- Data under study
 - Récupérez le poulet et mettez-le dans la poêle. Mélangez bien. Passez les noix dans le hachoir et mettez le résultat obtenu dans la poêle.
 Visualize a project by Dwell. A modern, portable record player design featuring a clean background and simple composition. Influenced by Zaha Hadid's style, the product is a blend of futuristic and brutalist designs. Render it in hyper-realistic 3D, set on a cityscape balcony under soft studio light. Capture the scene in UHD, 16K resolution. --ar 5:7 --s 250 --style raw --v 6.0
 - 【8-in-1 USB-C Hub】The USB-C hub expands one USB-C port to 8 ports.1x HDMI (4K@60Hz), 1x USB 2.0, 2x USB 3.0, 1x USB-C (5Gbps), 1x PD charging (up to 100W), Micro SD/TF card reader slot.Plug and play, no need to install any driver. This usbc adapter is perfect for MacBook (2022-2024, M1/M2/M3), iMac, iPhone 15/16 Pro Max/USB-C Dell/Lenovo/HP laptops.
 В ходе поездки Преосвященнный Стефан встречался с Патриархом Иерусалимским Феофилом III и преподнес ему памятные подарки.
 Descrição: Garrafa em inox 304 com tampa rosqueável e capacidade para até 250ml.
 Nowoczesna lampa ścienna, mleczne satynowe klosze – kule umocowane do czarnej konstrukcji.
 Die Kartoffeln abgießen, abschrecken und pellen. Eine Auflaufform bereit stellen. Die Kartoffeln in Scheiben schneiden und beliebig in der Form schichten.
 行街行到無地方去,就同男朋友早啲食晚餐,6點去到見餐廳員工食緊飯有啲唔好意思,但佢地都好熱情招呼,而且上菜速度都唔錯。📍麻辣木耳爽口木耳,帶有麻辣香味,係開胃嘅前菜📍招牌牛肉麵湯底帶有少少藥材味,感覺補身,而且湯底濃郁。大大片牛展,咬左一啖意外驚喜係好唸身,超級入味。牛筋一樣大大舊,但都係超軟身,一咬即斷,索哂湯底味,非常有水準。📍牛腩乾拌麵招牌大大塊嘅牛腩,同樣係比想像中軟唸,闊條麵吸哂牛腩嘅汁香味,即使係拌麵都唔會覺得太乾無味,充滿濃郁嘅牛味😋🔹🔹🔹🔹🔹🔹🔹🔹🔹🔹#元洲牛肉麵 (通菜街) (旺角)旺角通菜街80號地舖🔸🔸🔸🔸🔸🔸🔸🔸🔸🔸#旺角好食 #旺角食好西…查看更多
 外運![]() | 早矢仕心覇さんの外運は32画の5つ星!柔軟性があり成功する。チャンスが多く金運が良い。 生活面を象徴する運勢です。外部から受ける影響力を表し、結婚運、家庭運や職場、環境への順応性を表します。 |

- Exercise
Every line of the data above is to be repeated exactly.

- Task answer
 - Récupérez le poulet et mettez-le dans la poêle. Mélangez bien. Passez les noix dans le hachoir et mettez le résultat obtenu dans la poêle.
 Visualize a project by Dwell. A modern, portable record player design featuring a clean background and simple composition. Influenced by Zaha Hadid's style, the product is a blend of futuristic and brutalist designs. Render it in hyper-realistic 3D, set on a cityscape balcony under soft studio light. Capture the scene in UHD, 16K resolution. --ar 5:7 --s 250 --style raw --v 6.0
 - 【8-in-1 USB-C Hub】The USB-C hub expands one USB-C port to 8 ports.1x HDMI (4K@60Hz), 1x USB 2.0, 2x USB 3.0, 1x USB-C (5Gbps), 1x PD charging (up to 100W), Micro SD/TF card reader slot.Plug and play, no need to install any driver. This usbc adapter is perfect for MacBook (2022-2024, M1/M2/M3), iMac, iPhone 15/16 Pro Max/USB-C Dell/Lenovo/HP laptops.
 В ходе поездки Преосвященнный Стефан встречался с Патриархом Иерусалимским Феофилом III и преподнес ему памятные подарки.
 Descrição: Garrafa em inox 304 com tampa rosqueável e capacidade para até 250ml.
 Nowoczesna lampa ścienna, mleczne satynowe klosze – kule umocowane do czarnej konstrukcji.
 Die Kartoffeln abgießen, abschrecken und pellen. Eine Auflaufform bereit stellen. Die Kartoffeln in Scheiben schneiden und beliebig in der Form schichten.
 行街行到無地方去,就同男朋友早啲食晚餐,6點去到見餐廳員工食緊飯有啲唔好意思,但佢地都好熱情招呼,而且上菜速度都唔錯。📍麻辣木耳爽口木耳,帶有麻辣香味,係開胃嘅前菜📍招牌牛肉麵湯底帶有少少藥材味,感覺補身,而且湯底濃郁。大大片牛展,咬左一啖意外驚喜係好唸身,超級入味。牛筋一樣大大舊,但都係超軟身,一咬即斷,索哂湯底味,非常有水準。📍牛腩乾拌麵招牌大大塊嘅牛腩,同樣係比想像中軟唸,闊條麵吸哂牛腩嘅汁香味,即使係拌麵都唔會覺得太乾無味,充滿濃郁嘅牛味😋🔹🔹🔹🔹🔹🔹🔹🔹🔹🔹#元洲牛肉麵 (通菜街) (旺角)旺角通菜街80號地舖🔸🔸🔸🔸🔸🔸🔸🔸🔸🔸#旺角好食 #旺角食好西…查看更多
 外運![]() | 早矢仕心覇さんの外運は32画の5つ星!柔軟性があり成功する。チャンスが多く金運が良い。 生活面を象徴する運勢です。外部から受ける影響力を表し、結婚運、家庭運や職場、環境への順応性を表します。 |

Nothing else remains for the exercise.